Nu hebben de Chinese autoriteiten wéér een Westers bedrijf beboet. Ditmaal is Unilever aan de beurt. Het bedrijf kreeg een boete voor het spreken over prijsstijgingen. Unilever liet, met het oog op de hoge voedsel- en grondstofprijzen, weten dat verschillende producten die het concern produceert, duurder zullen worden. Een volstrekt legitieme en bijna triviale uitspraak. Niet volgens de communisten.
Het Brits-Nederlandse bedrijf kreeg de boete van 211.000 euro voor het verspreiden van informatie over prijsstijgingen en het verstoren van de marktwerking, aldus een verklaring van de Chinese regering.
Het hoort natuurlijk bij het spel om de Chinezen niet dwars te zitten en stoïcijns te betalen, maar het wekt toch verontwaardiging. De Chinese actie heeft een hoog contrarealistisch gehalte en doet denken aan Kim Jong Il's hondsdolle acties -
Harro Hans Blix!
Dit soort incidenten komt met de regelmaat van de klok voor en bevestigt dat met investeren in China een hoop geld verdiend wordt, maar dat de kosten (o.a. door een totaal onbetrouwbare en bevooroordeelde bureaucratie) hoog zijn. De risico's zijn bijzonder moeilijk in te schatten. Een bedrijf weet niet wanneer de overheid een vlaag van verstandsverbijstering krijgt en moet boets gaat strooien, of wanneer bijvoorbeeld het
intellectuele eigendomsrecht nu eens beschermd gaat worden.

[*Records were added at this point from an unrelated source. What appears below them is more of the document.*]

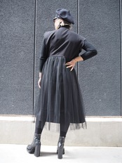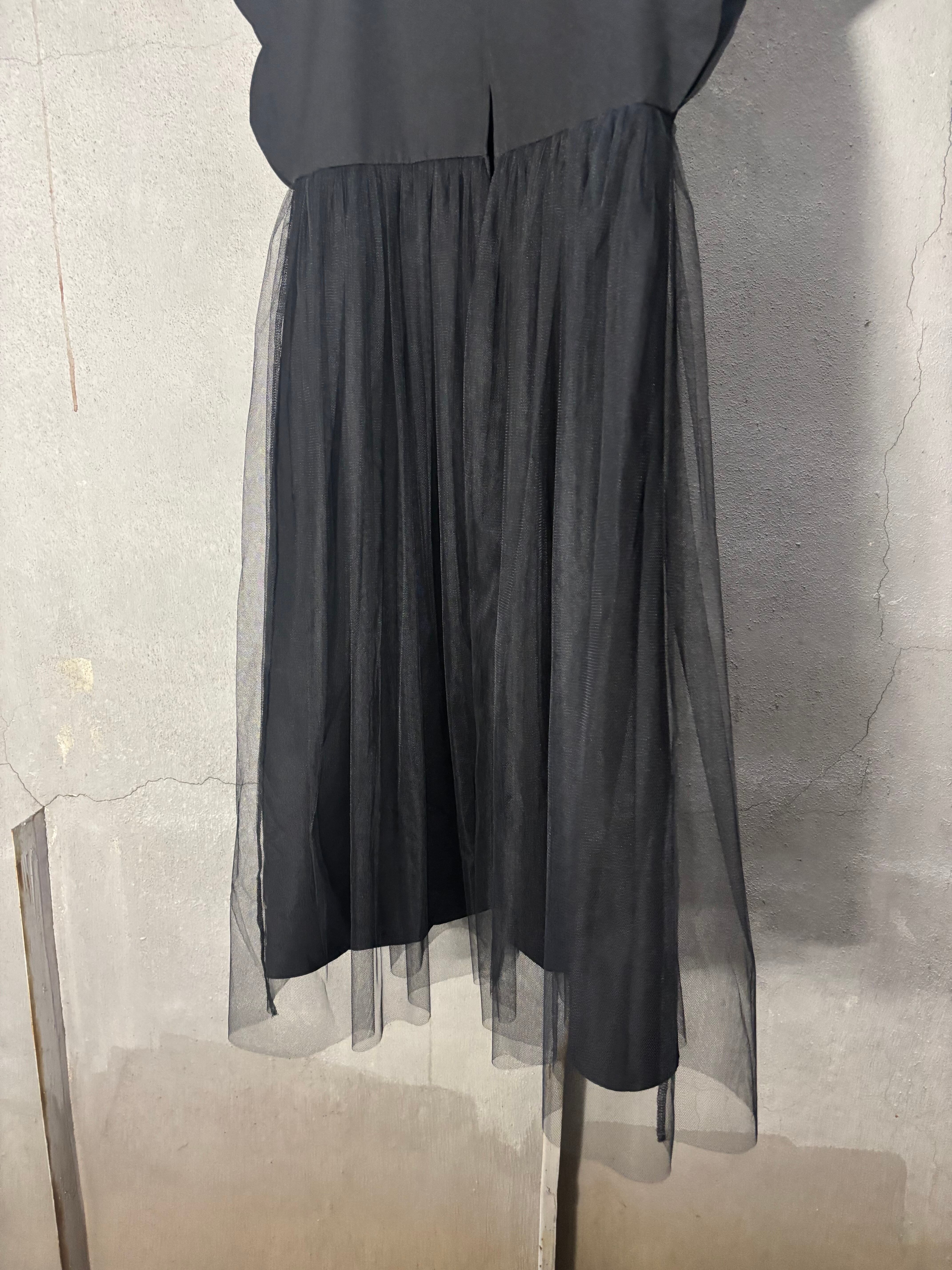 ウエストから下には軽やかなチュールがドッキングされ、
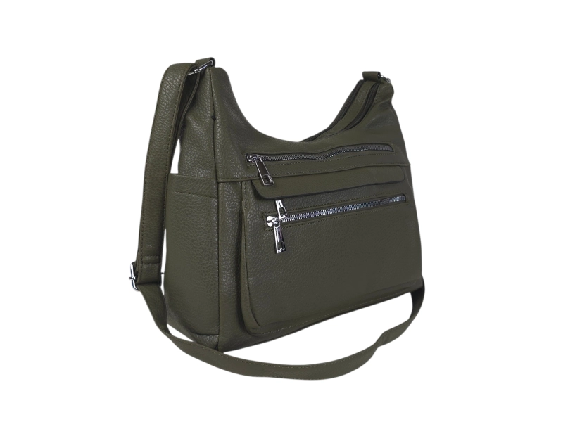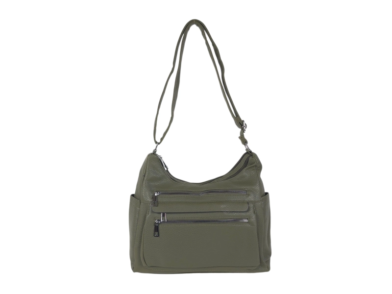 Средна дамска чанта от качествена еко кожа. Зелена дамска чанта с много отделения и регулираща се дълга дръжка. Ежедневна дамска чанта с интересен дизаин.
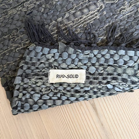 Rug Solid flettet læderløber i sort/grå nuancer. Løberen har flettet struktur med ruskindsender. Velegnet til gangarealer som entré, køkken.

De prijs voor produceren in China is zo hoog, dat er weinig voor nodig is om uit China te vertrekken, vooral als Vietnam zo lekker dichtbij is en arbeid daar gratis aan de bomen groeit. En het is juist massaproductie waar China zijn geld mee verdiend. Van technologisch baanbrekende industrie valt in China, ondanks de miljarden die de overheid erin pompt, vooralsnog weinig te verwachten. Zeker als je eigen innovatieve ideeën niet je eigen bezit zijn en je buurman met jouw ideeën zijn huis betaalt.